Kelton,
The following is just my opinion, anyone is free to disagree.
With a stock priced at this level (< .10), the cash-flow problem that you indicate you have and the near-term bounce that might occur if MJ does put out a good PR, you could get into an even worse bind by not clearing you short position ASAP.
I'm not saying that CBNR's price can't go down before it goes up, but with only 5K shares, even if it went to zero (which I don't think will happen any time soon) you could only make $500. If the price starts to go toward .20, you are going to start getting margin calls that will force you to sell some of your holdings.
I have no experience with e-trade, but if your shares are in street name, they can sell your stock to cover the margin calls. All they have to do is notify you that you have a period of time (probably 24 hrs) to make a deposit of $x.xx. If you don't, they will sell shares, at their discression, to collect that amount from your account.

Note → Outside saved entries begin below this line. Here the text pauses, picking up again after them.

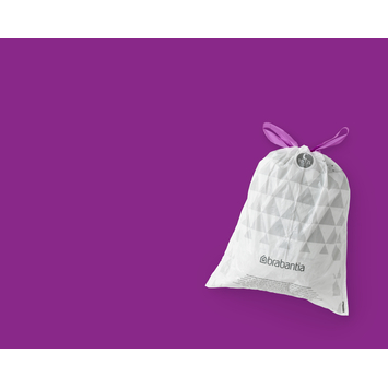 Brabantia afvalzakken zijn afgestemd op de Brabantia pedaalemmers en afvalverzamelaars. Voor ieder model is er een perfect passende afvalzak. Zo kan je snel en efficiënt een vuilniszak plaatsen. Dankzij de handige trekband sluiting is een volle zak bovendien eenvoudig te verwijderen en dicht te knopen.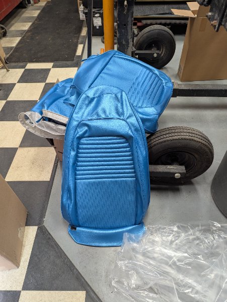 Lookie Lookie what I got delivered today. Ordered all the interior stuff on July 14th. Got some of the stuff including the seat foam a few weeks ago. Then I got worried and called them. Told them I definitely had to have this before the 13th of October. So I guess the girl helped me out. Finally got the vinyl covering for the buckets and the rear bench. I'm stoked.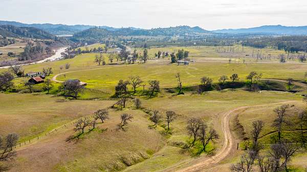 The property sits at the 800 ft. elevation. The property has varied terrain, from flat pastures to rolling hills, to steep hillsides. This beautiful property has road access in the front, with the flat pasture on top and Elk Creek below. The creek traverses the property for over 2,100 ft. The property is partially fenced. It would make a great purebred cattle ranch, vacation getaway, or classic recreational property.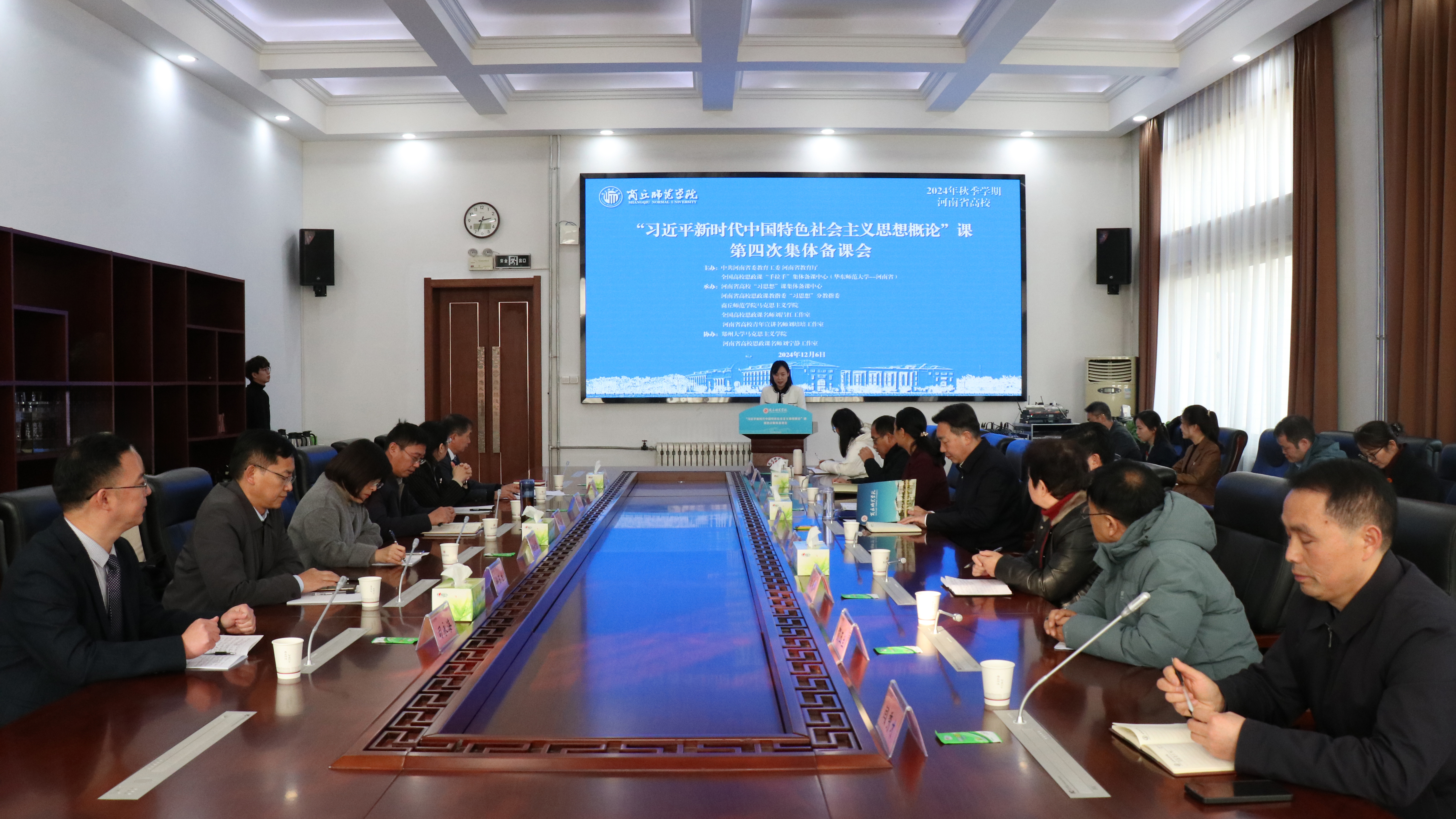 为深入学习贯彻党的二十届三中全会精神,坚持思政课建设与党的创新理论武装同步推进,12月6日,由省委教育工委、省教育厅、全国高校思政课“手拉手”集体备课中心(华东师范大学-河南省)联合主办的2024年秋季学期河南省高校“习近平新时代中国特色社会主义思想概论”课第四次集体备课会在必赢官网举行。河南省教育厅思政处处长陈凯,437ccm·必赢国际党委书记张志坚、副书记刘国庚、副校长王晓征出席会议。省内外知名思政课专家、3位说课教师及商丘各高校马克思主义学院院长、习近平新时代中国特色社会主义思想概论教研室主任参加活动。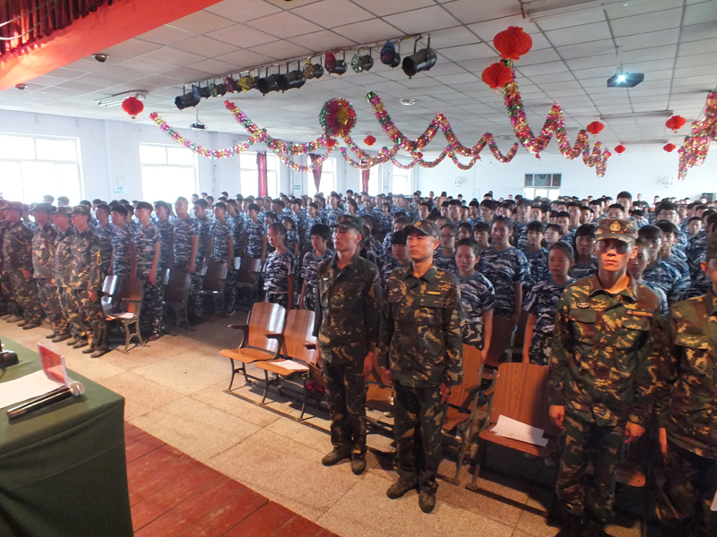 開營儀式在莊嚴(yán)的《中國人民解放軍軍歌》聲中拉開帷幕。校長助理鄒建祥同志宣布軍訓(xùn)營編制,軍訓(xùn)營教導(dǎo)員廉鳳霞同志宣布本期軍訓(xùn)計(jì)劃。全體教官和參訓(xùn)學(xué)生集體宣誓,對(duì)完成好本次軍政訓(xùn)練表示了信心和決心。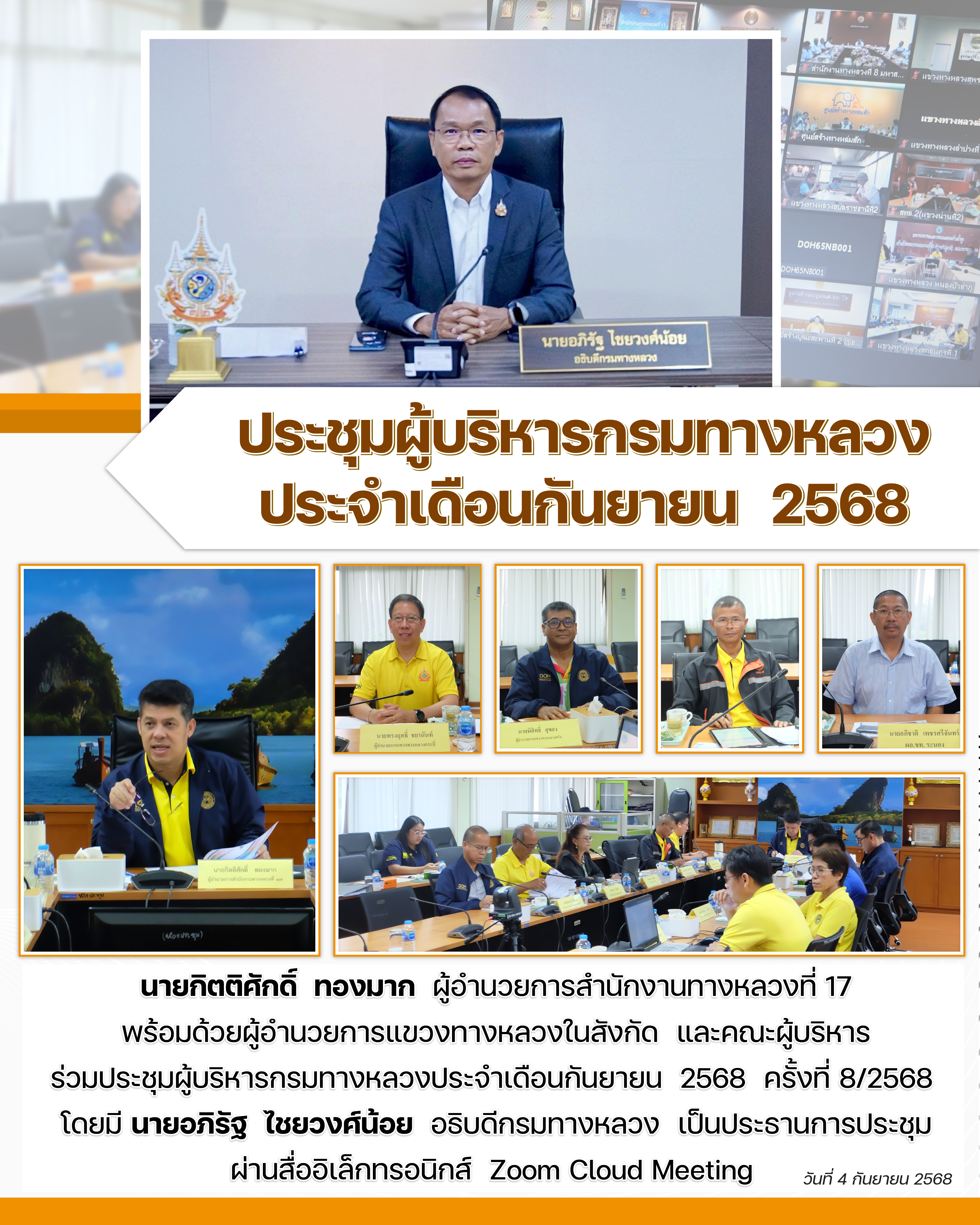 ประชุมผู้บริหารกรมทางหลวง ประจำเดือนกันยายน 2568 วันที่ 4 กันยายน 2568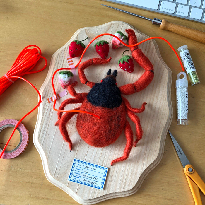 This piece, Strawberry Tick is one of my new soft sculptures for my solo exhibition (sold out).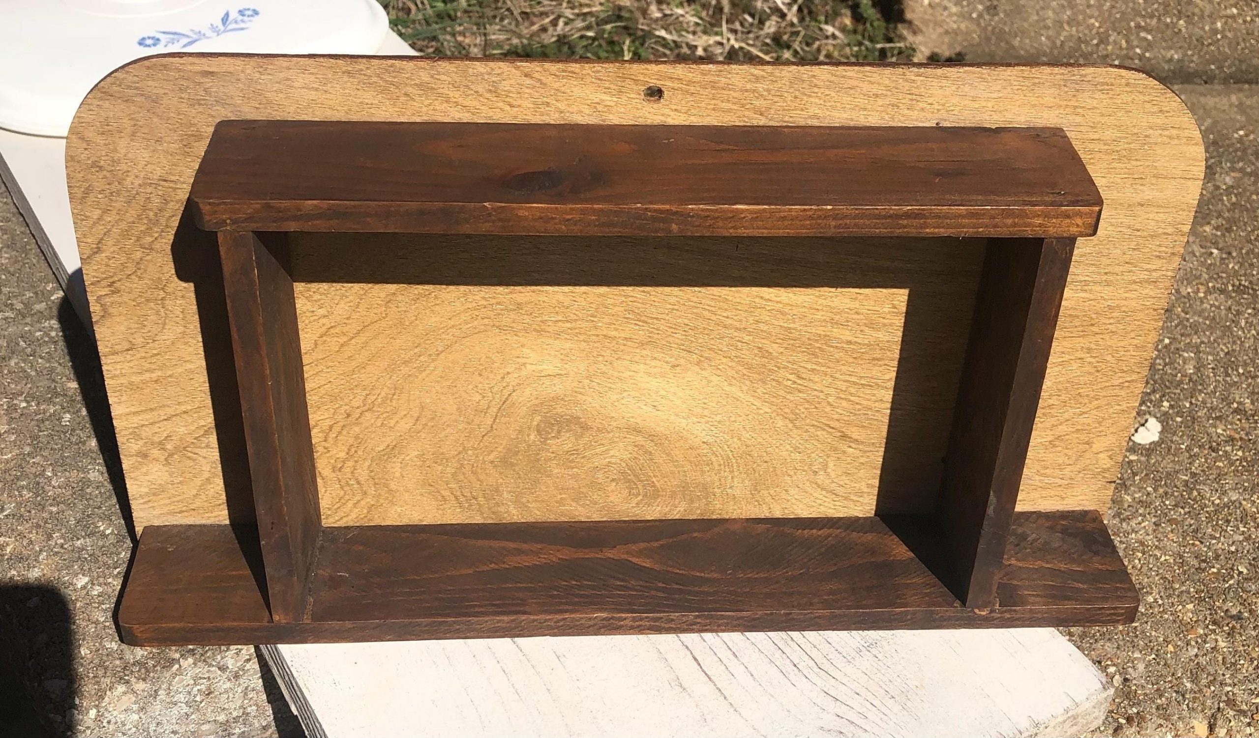 Small shelf for miniatures, it can hang on wall or stand alone on a table, it measures 13 3/4″ wide X 7 1/4″ high X 2″ deep, the back of the shelf is very thin wood, good condition with a few minor scuffs typical for age.

On the surface that may not sound to bad to you, BUT and this is my guess based on some bad prior personal experience; 1) Are you aware that they are charging you interest on the money that you 'borrowed', to buy the shares that you sold short? 2) They will pick the shares that 'they' want to sell, not what you want them to sell. These will be shares that you are long in. 3) They will sell only enough to cover the CURRENT margin call. 4) They will charge you a commission on that sale. 5) If the CBNR price continues to climb, repeat items 2 through 4.
Note: the repeat process in #5 is not limited to once a day, it is controled by how frequently your short position exceeds the margin call amount and could be multiple times in a day.
IMHO, given the information you initially provided, you should cover ASAP. Even the guys that short for a living get burned once in awhile and for us little guys it can be a kiss of death.
As I said at the beginning, just my opinion.